PCB Impedance Control

Hi

If I am designing a pcb using impedance controlled layers can I treat the
power planes as a reference layer as well as the gnd layers?

Cheers

Jon

"maxascent" <maxascent@yahoo.co.uk> wrote in message 
news:ifidnQIYxf3YUUvbRVn_vw@giganews.com...
>
> Hi
>
> If I am designing a pcb using impedance controlled layers can I treat the
> power planes as a reference layer as well as the gnd layers?
>
> Cheers
>
> Jon

Hi Jon,
Yes. But with a caveat. When your signals switch reference layers, make sure 
there is a path for the reference current.

E.g. Take a 6 layer board, layer 2 ground, layer 5 power. If the signal goes 
from layer 1 to 6 through a via, you should have a bypass cap bewteen power 
and ground near this via. Think of your signal as differential, the 
complementary signal being the reference.
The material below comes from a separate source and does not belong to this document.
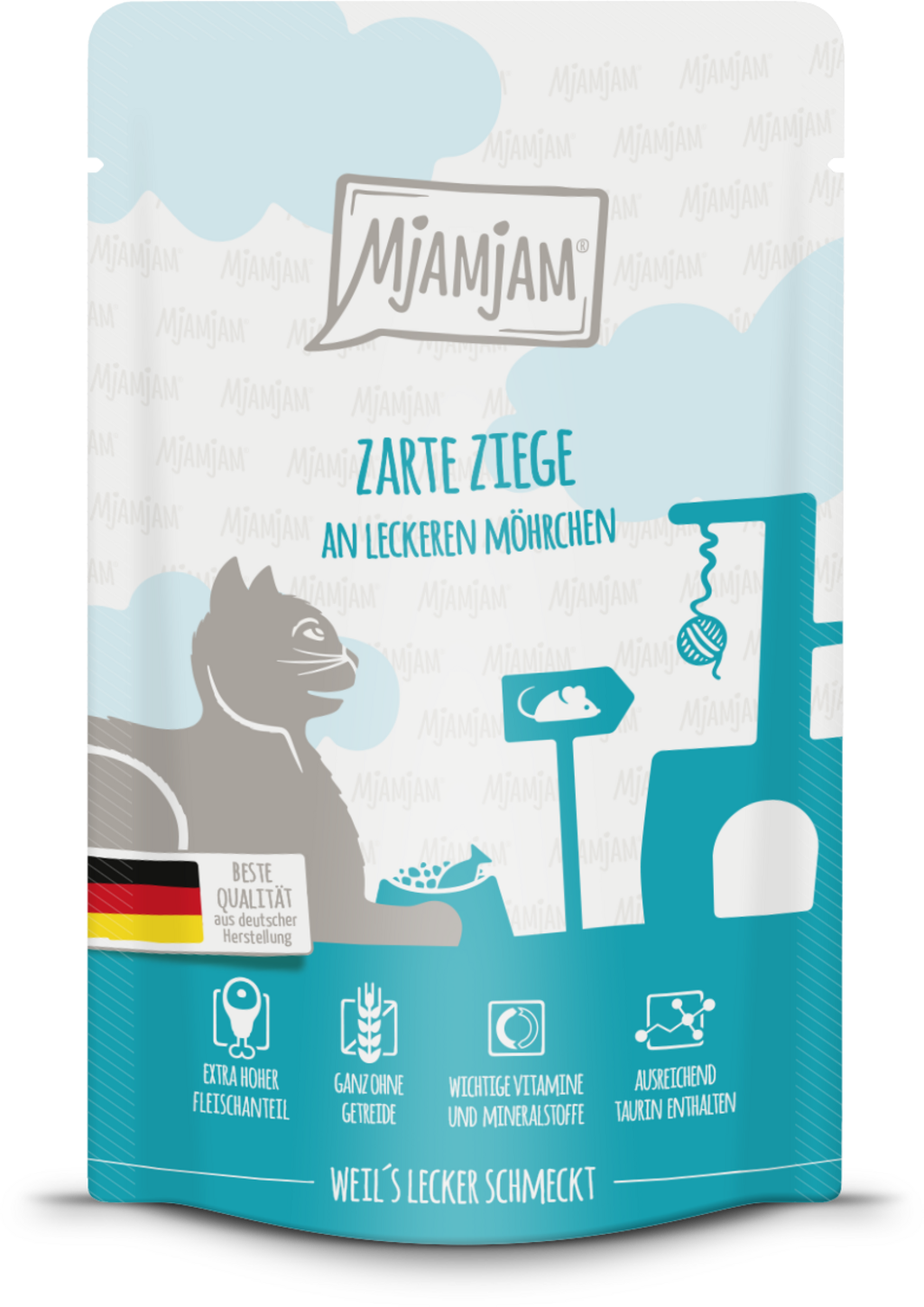 Mjamjam Portion Bags treat your cat to rich flavour, exceptional quality, and a touch of love. Your little tiger will enjoy a wholesome meal made with fresh goat meat and crunchy carrots, providing a naturally delicious and nourishing experience. Enriched with taurine, an essential nutrient for cats, it ensures your cherished companion has everything they need to thrive.

It's for this reason that I long ago ditched power planes and use multiple 
ground planes instead. I route and/or copper pour powers. Then the bypass 
cap in the example I gave can be replaced by a ground via, because layer 5 
is ground in my PCB.

HTH., Syms. 

Symon wrote:
> "maxascent" <maxascent@yahoo.co.uk> wrote in message 
> news:ifidnQIYxf3YUUvbRVn_vw@giganews.com...
>> Hi
>>
>> If I am designing a pcb using impedance controlled layers can I treat the
>> power planes as a reference layer as well as the gnd layers?
>>
>> Cheers
>>
>> Jon
> 
> Hi Jon,
> Yes. But with a caveat. When your signals switch reference layers, make sure 
> there is a path for the reference current.
> 
> E.g. Take a 6 layer board, layer 2 ground, layer 5 power. If the signal goes 
> from layer 1 to 6 through a via, you should have a bypass cap bewteen power 
> and ground near this via. Think of your signal as differential, the 
> complementary signal being the reference.
> 
> It's for this reason that I long ago ditched power planes and use multiple 
> ground planes instead. I route and/or copper pour powers. Then the bypass 
> cap in the example I gave can be replaced by a ground via, because layer 5 
> is ground in my PCB.
> 
> HTH., Syms. 
> 
> 

I have a number of pretty pics I made to illustrate the issue. I'll put 
'em on a.b.s.e tomorrow sometime.

As an aside, at high speeds (which I define as having a track longer 
than 1/4 rising/falling edge, YMMVG), there is no such thing as 
'ground'. The ground plane is a signal layer insulated by copper ;)
[Although it helps to keep large power currents away from the high speed 
return paths].

Cheers

PeteS

"PeteS" <axkz70@dsl.pipex.com> wrote in message 
news:H-ydnSZMEttzlkrbnZ2dnUVZ8vidnZ2d@pipex.net...
<snip>
>
> I have a number of pretty pics I made to illustrate the issue. I'll put 
> 'em on a.b.s.e tomorrow sometime.
>
> As an aside, at high speeds (which I define as having a track longer than 
> 1/4 rising/falling edge, YMMVG), there is no such thing as 'ground'. The 
> ground plane is a signal layer insulated by copper ;)
> [Although it helps to keep large power currents away from the high speed 
> return paths].
>
> Cheers
>
> PeteS

Since without a ground one has a dipole antenna, could you qualify what you 
mean?  The impedance of the plane is measured in units of picoHenry per 
square so it's not a solid ground, certainly, but without a ground we'd be 
in a world of hurt at these high frequencies. 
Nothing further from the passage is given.